This guide assumes that you:

  • have a general understanding of web technologies like web applications, servers, HTTP, PHP...

Introduction

Piwik is an application that does mainly two things:

  • collect and store analytics data
  • provide reports of the stored data

To achieve that result, several parts of Piwik come into play:

  • the Javascript tracker is served by Piwik via HTTP so that websites can include it in their pages
  • the tracker collects data on the web page its included in and sends it to Piwik by calling the HTTP tracking API
  • the archiving task runs and pre-process data (either on the fly or via a cron task)
  • data is exposed in reports, which are accessible through the web interface or the HTTP reporting API

The plugin architecture

Piwik's codebase is composed of:

  • Piwik Core, which provides the base of the application along with extension points
  • Plugins, which use the extension points to add behavior and content to the application

Plugins are not just targeted at 3rd party developers who want to customize Piwik: most of Piwik is implemented through plugins. Piwik Core is meant to be as small as possible.

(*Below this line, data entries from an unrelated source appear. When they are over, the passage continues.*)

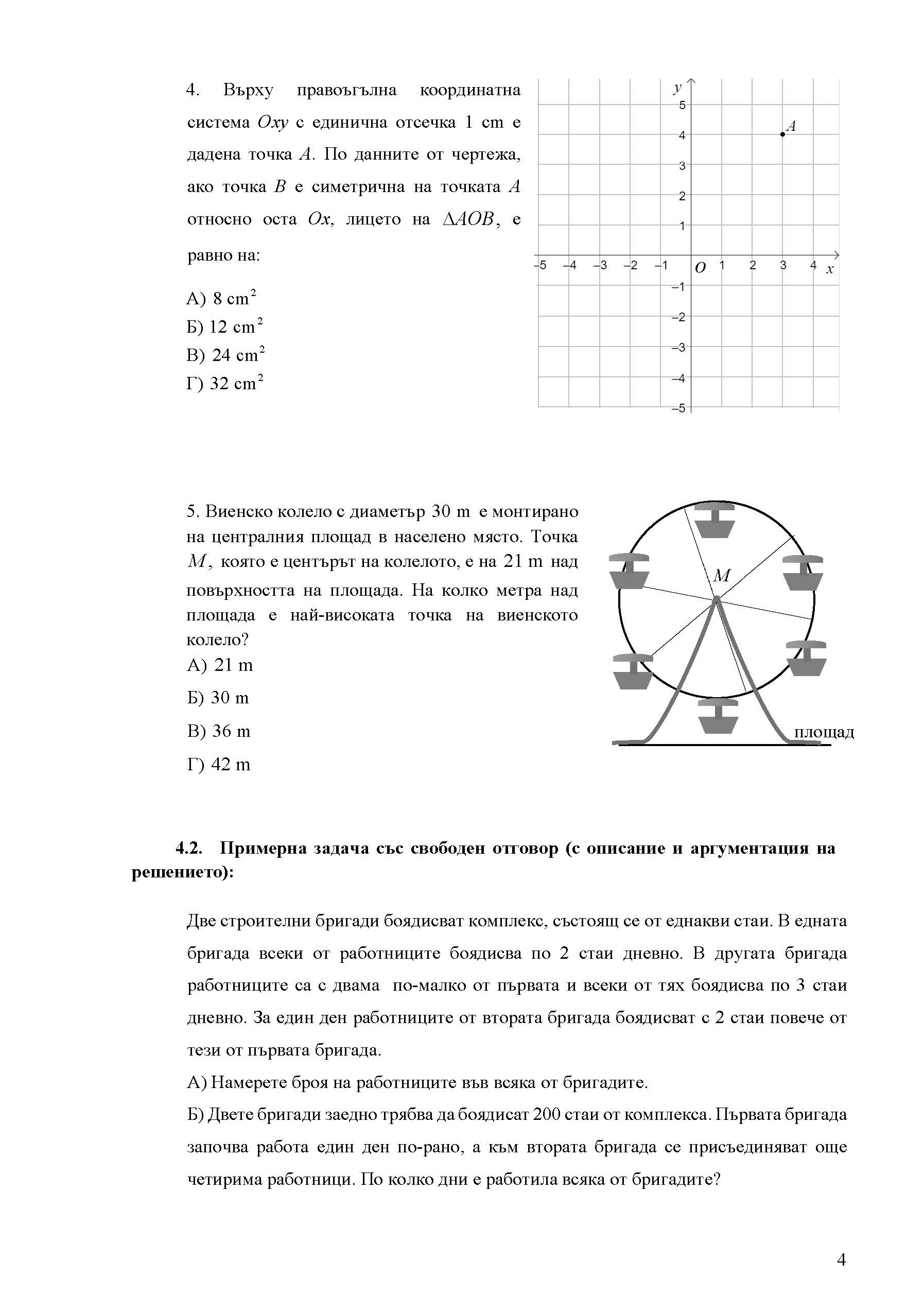 3 задачи със свободен отговор – учениците трябва да опишат и да аргументират изпълнението на определена математическа задача с аналитико-синтетичен характер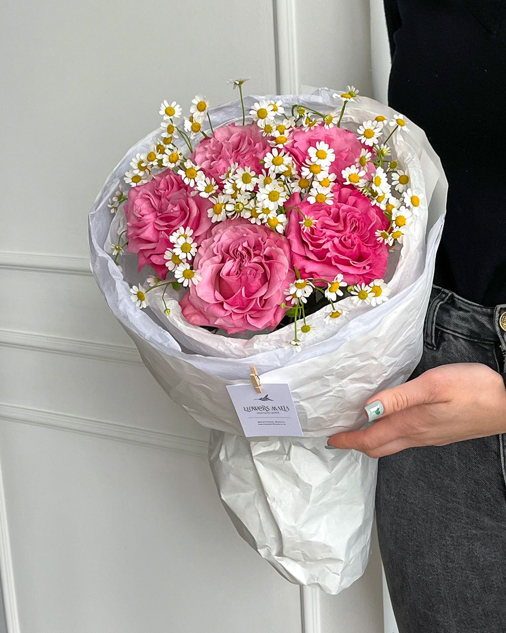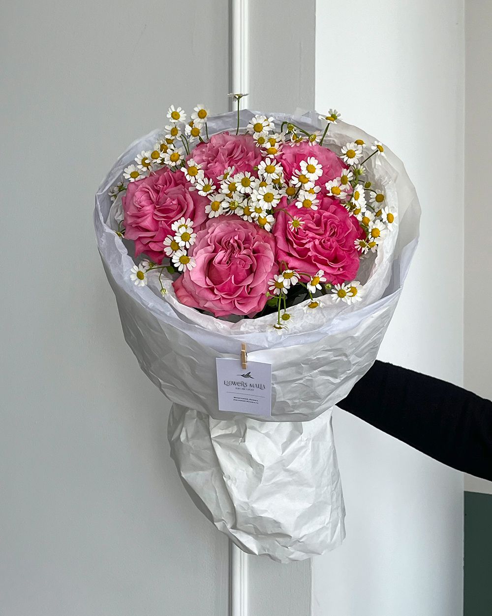 Состав: Роза Country Blues - 5 шт, Ромашка танацетум - 4 шт, Фисташка - 1 шт, Тишью белая, Матовая пленка белая кругом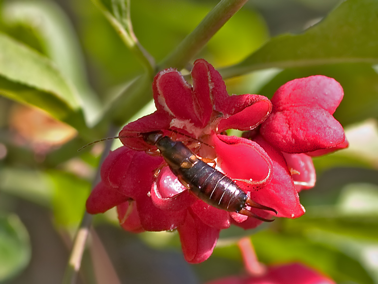 Die Früchte des europäischen Pfaffenhütchens erinnern an die Kopfbedeckung katholischer Geistlicher. Daher der Name. Die Samen werden im Winter gerne von Vögeln gefressen. Das hat ihm auch den Spitznamen "Rotkehlchenbrot" eingebracht. Unser wilder Hopfen wuchs am Wegrand zwischen Weinbergen.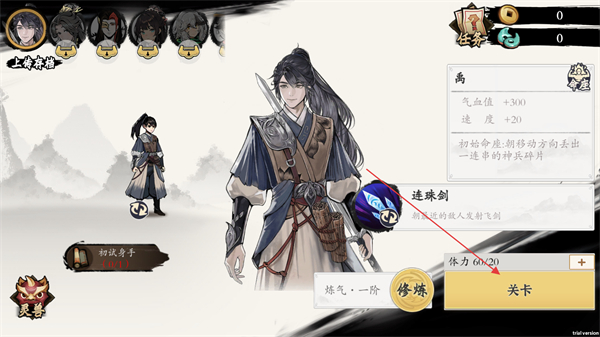 1、查看角色连珠剑技能,确认气血值+300等属性,点击关卡按钮进入伏魔战。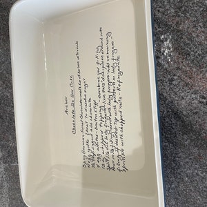 Personalized casserole pan, Hand recipe etched, Favorite Recipe Pan engraved baking dish, Display Pan, Bridal shower gift, Christmas Gift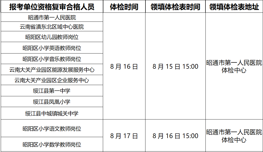 根据《昭通市2023年下半年事业单位公开招聘工作人员通告(第一号)》的有关规定,现将昭通市2023年下半年事业单位公开招聘工作人员笔试最低控制分数线、资格复审、面试、体检等有关事宜通告如下: 根据昭通市2023年下半年事业单位公开招聘工作人员各笔试专业类别参加考试人员笔试成绩情况,按照各笔试专业类别参加考试人员有效笔试成绩平均分的80%计算,昭通市2023年下半年事业单位公开招聘工作人员笔试最低控制分数线为:综合管理类81.75分、自然科学专技类77.51分、中小学教师类85.83分、医疗卫生类78.85分。笔试总成绩达不到最低控制分数线的应聘人员,将不能进入资格复审、体检、考察等环节。最低控制分数线以上人员名单见《昭通市2023年下半年事业单位公开招聘工作人员笔试最低控制分数线以上人员名单》(附件1)。按照《昭通市2023年下半年事业单位公开招聘工作人员通告(第一号)》的规定确定进入资格复审人员名单(不含免笔试岗位,免笔试岗位资格复审等事宜另行通知),具体见《昭通市2023年下半年事业单位公开招聘工作人员拟进入资格复审人员名单》(附件2)。时间:2023年8月14日至15日,上午:9:00—11:30,下午14:00—17:00;地点:昭通市市民之家就业和社会保障服务大厅一楼3号、4号窗口(昭通市昭阳区北部新区太平街道办事处锁营路285号,交通方式:市内可乘1路快线、16路、19路、46路公交车到达);咨询电话:0870-2121586、0870-2126819、0870-2124431。资格复审时需提供应聘人员身份证、户口簿、毕业证、准考证、《教育部学历证书电子注册备案表》《教育部学籍在线验证报告》《中国高等教育学位在线验证报告》《教育部国(境)外学历学位认证书》及其他与岗位要求相关的证件或证明材料的原件和一份复印件。资格复审须应聘人员亲自到场。报考岗位要求为中共党员(含中共预备党员)的应聘人员,在资格复审时还须提供所在党组织开具的证明材料。1.应聘人员要提前下载打印并填写《昭通市2023年下半年事业单位公开招聘工作人员资格审核表》(附件3)一式两份,资格复审时,上交审核人员审查。在审核过程中如有不符合报考岗位条件者,取消该应聘者的应聘资格。应聘者如有异议,可在资格复审期间向昭通市人力资源和社会保障局提出书面申诉。2.应聘人员必须在规定时间内携带相关资料到指定地点进行资格复审,逾期不到者,视为自动放弃资格复审;资格复审结束后,在体检、考察等环节若出现不合格者,将不再进行递补。对参加了资格复审且审核合格,后续程序再放弃的应聘人员,视为浪费考试资源,记入个人诚信档案。3.按照《昭通市2023年下半年事业单位公开招聘工作人员通告(第一号)》规定,应聘人员的资格审查贯穿公开招聘工作全过程,对在任何一个环节查出不符合通告要求的应聘人员,一律取消聘用资格。应聘者要对填报信息的真实性、准确性负责。凡提供虚假信息的应聘者,取消招聘资格;对伪造有关证件、材料,隐瞒信息、填报虚假信息骗取考录(聘)资格的,一经查实,取消招聘资格,并根据违规事实,依法依规追究责任,记入个人诚信档案。4.应聘人员应保持通讯畅通,手机号码如有变动,请主动与招聘部门(单位)联系,如因无法联系所造成的后果,由应聘人员自行负责。报考岗位需要加试的人员,待资格复审合格后,再组织面试加试。面试成绩满分为100分,最低控制线为70分,低于70分者不进入后续招聘环节。面试时间、地点等另行通知,请保持通讯畅通。资格复审合格且不需要面试的应聘人员,请于2023年8月16日至18日到昭通市第一人民医院体检,标准参照《公务员录用体检通用标准(试行)》及《公务员录用体检操作手册(试行)》进行,有行业体检标准的按行业体检标准执行。体检时携带本人身份证,体检费用320元由应聘人员自付。体检前先到体检医院填写体检表,填写体检表时请携带身份证、准考证和一张近期免冠小一寸照片。体检前1至2天,不吃油腻食物、不喝酒,体检当天早上空腹、憋尿。具体体检时间见下表。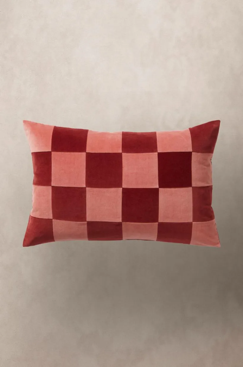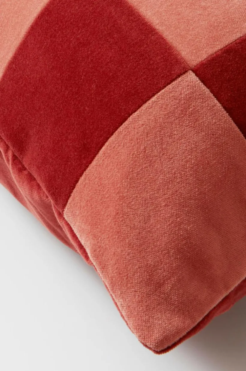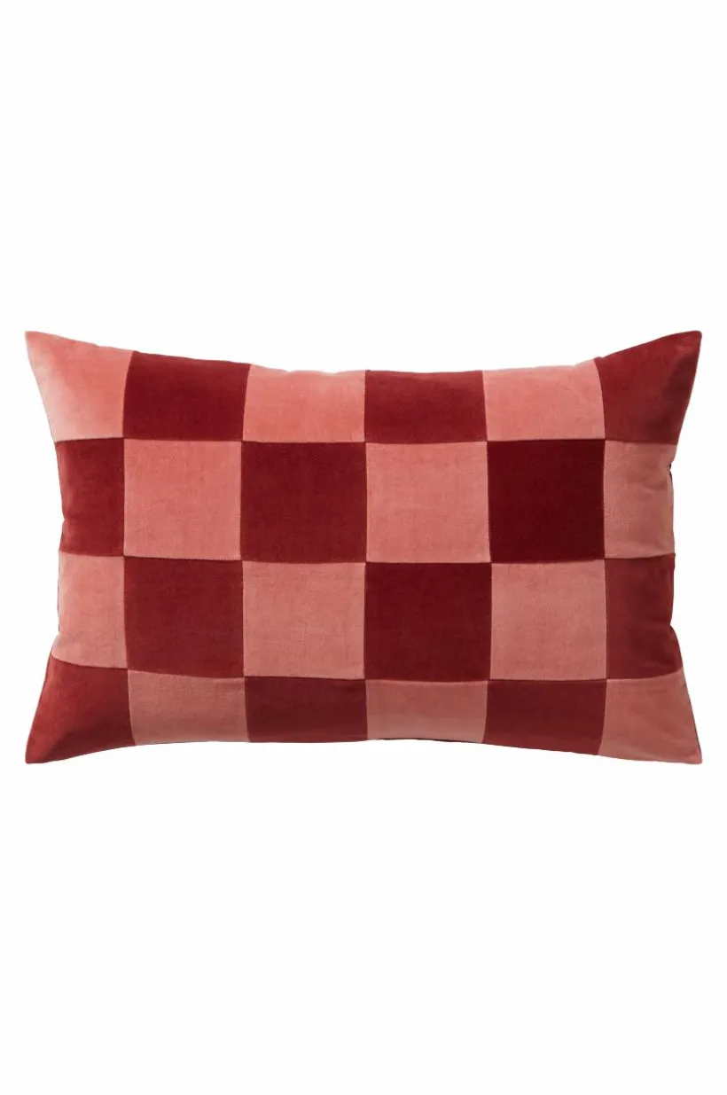 1-pack kuddfodral i mjuk sammet av bomull med matt yta. Framsidan på kuddfodralet är sytt i lapptäcksteknik och schackrutorna är i väl valda nyanser. Sammetstyget har fin lyster och rutorna skimrar i vackra nyanser med ljuset, tyget är tvättat för extra mjuk känsla. Baksidan är enfärgad i en av rutornas kulör. Dold dragkedja på baksidan. Kuddfodralet är fodrat med mikrofiber av polyester. Tygets gramvikt 230 g/m².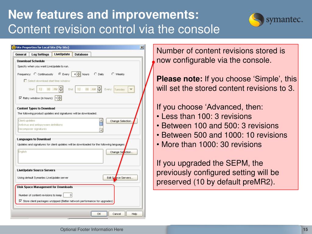 New features and improvements: Content revision control via the console • Number of content revisions stored is now configurable via the console. • Please note: If you choose ‘Simple’, this will set the stored content revisions to 3. • If you choose ‘Advanced, then: • Less than 100: 3 revisions • Between 100 and 500: 3 revisions • Between 500 and 1000: 10 revisions • More than 1000: 30 revisions • If you upgraded the SEPM, the previously configured setting will be preserved (10 by default preMR2).

As a result, there are two kinds of plugins:

  • default plugins provide Piwik's base features: they are included in the repository and in the distribution
  • optional plugins can be installed manually (by copying them in the plugins/ folder) or through Piwik's MarketPlace in the web interface

The codebase

Here are the main files and folders composing Piwik's codebase:

config/
core/           # Piwik Core classes
lang/           # Translations
plugins/        # Plugin classes along with their assets
tests/
vendor/         # Libraries installed by Composer
console         # Entry point for the CLI interface
index.php       # Entry point for the web application and the HTTP reporting API
piwik.php       # Entry point for the HTTP tracking API
piwik.js        # Javascript tracker to be included in websites

Piwik uses Composer to install its dependencies (PHP libraries) into the vendor/ directory.

Interfaces

The web application

The entry point for the web application is index.php in the root. This files initializes everything and calls the FrontController class.

The front controller will route an incoming HTTP request to a plugin controller based on URL parameters:

/index.php?module=CoreHome&action=index&…

In this example, the front controller will call the action index on the controller of the CoreHome plugin.

Plugin controllers return a view (usually HTML content) which is sent in the HTTP response.

User interface

Piwik's user interface is built upon HTML and JavaScript. While some pages are HTML documents served by PHP controllers (built using the Twig templating engine), some parts of the Piwik UI are written using AngularJS.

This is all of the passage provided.